Eurozone consumer confidence for March remained unchanged at -14.5, matching preliminary figures. In comparison, the prior figure stood at -13.6.
Economic confidence decreased to 95.2, lower than the expected 97.0, while the previous figure was 96.3. Industrial confidence slightly missed expectations at -10.6, though the prior figure was revised from -11.4 to -11.0. Services confidence fell to 2.4, below the expected 6.7, and the prior was revised from 6.2 to 5.1.
Drop In Economic Sentiment
This decline marks the lowest economic sentiment since December last year, primarily due to a drop in services sector confidence. Consumer inflation expectations rose to 24.4 in March, the highest since November 2022.
What we’ve just seen in these figures is a clear indication that enthusiasm across several parts of the Eurozone economy has taken a knock over the past month. Consumer confidence has steadied, but that still leaves it firmly in the red, showing households haven’t shaken off the cautious mood they’ve been in. That reading of -14.5 simply means more people are feeling pessimistic than optimistic. It’s stuck where it was at the start of March, rather than recovering to where it sat in February — which was a touch better at -13.6.

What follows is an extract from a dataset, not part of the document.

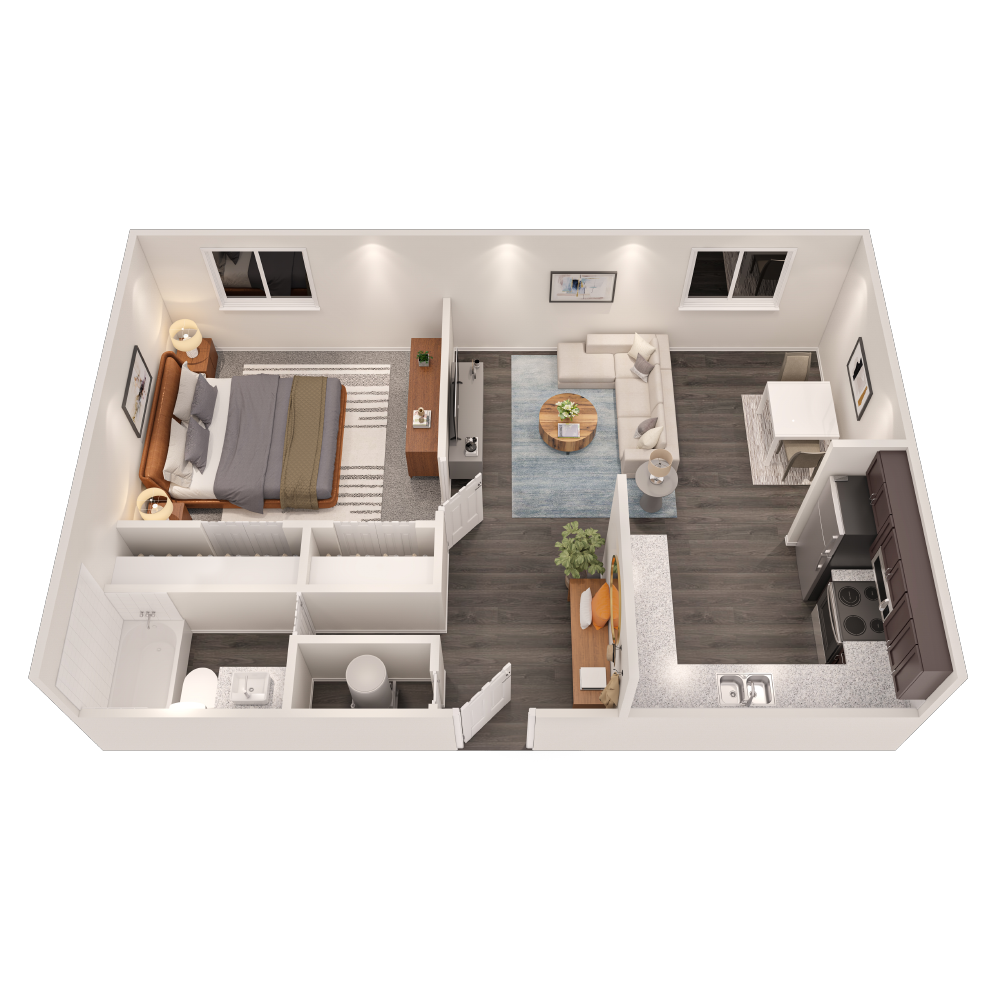 1 Dormitorio, 1 Baño, 558 pies²Disponible Nov 10El más grandeEsta opción tiene las unidades más grandes para este modeloGalería del Modelo

Now, it’s the broader economic confidence number that’s taken more of a downturn. It’s not immaterial, falling more than expected to 95.2, the weakest since the tail end of last year. That kind of move doesn’t happen without a nudge from across sectors, and this time the services sector did most of the dragging. The previous expectations were meaningfully higher at 97.0, but disappointment here suggests firms are reacting to softer demand or worsening forward-looking indicators.
Keep in mind that services play a large part in the Eurozone’s output. When sentiment dips heavily there — as it just did — it gives us a decent barometer of what may follow. It’s not just some minor miss either: the drop to 2.4, against expectations of 6.7, is quite a plunge. Even after revisions to the earlier number, it’s clear sentiment here is wavering.
Rising Inflation Expectations
On the industrial side, things didn’t improve either, but the adjustment to the prior reading shows we probably had our expectations set a touch pessimistically last month. Still, we’re sitting with a measure that is well into negative territory, telling us producers remain under pressure. And while this wasn’t a sharp miss, it’s not nothing either — these levels imply headwinds in new orders or inventory build-up that will take time to unwind.
Perhaps more noteworthy is the sharp upward movement in consumer inflation expectations. A jump to 24.4 might not catch eyes at first, but when you realise it’s the highest reading since late 2022, it’s harder to dismiss. It reveals a population that’s growing increasingly worried about prices accelerating again. Whether it’s food, fuel, or services — what’s clear is that higher price expectations are settling in. We should pay attention to this, especially given the tendency for such expectations to quickly influence wage demands and spending behaviour. That can put pressure on rate projections, and those are precisely the items we depend on when pricing forward moves.
What all of this tells us is that sentiment is cooling just as inflation pressures resurface. For those of us working in structured exposure, the shifts here aren’t to be ignored. One way or another, this isn’t the kind of balance central banks aim for. And when sentiment data clashes with inflation indicators like that, we don’t get to sit back and wait. The price of assumptions moves quickly when minds change about growth and price stability.
We would not be surprised if this altered near-term expectations around rate paths. That kind of environment rewards close calibration of entry points. And in the short run, the more actionable takeaway is to keep durations nimble and temper bets on smooth macro normalisation. The data is already telling us that scenarios are diverging a little — and wading in without accounting for that skew rarely pays.
So, we monitor closely. Both policy clues and second-tier data surprises now carry more weight than they did just one quarter ago.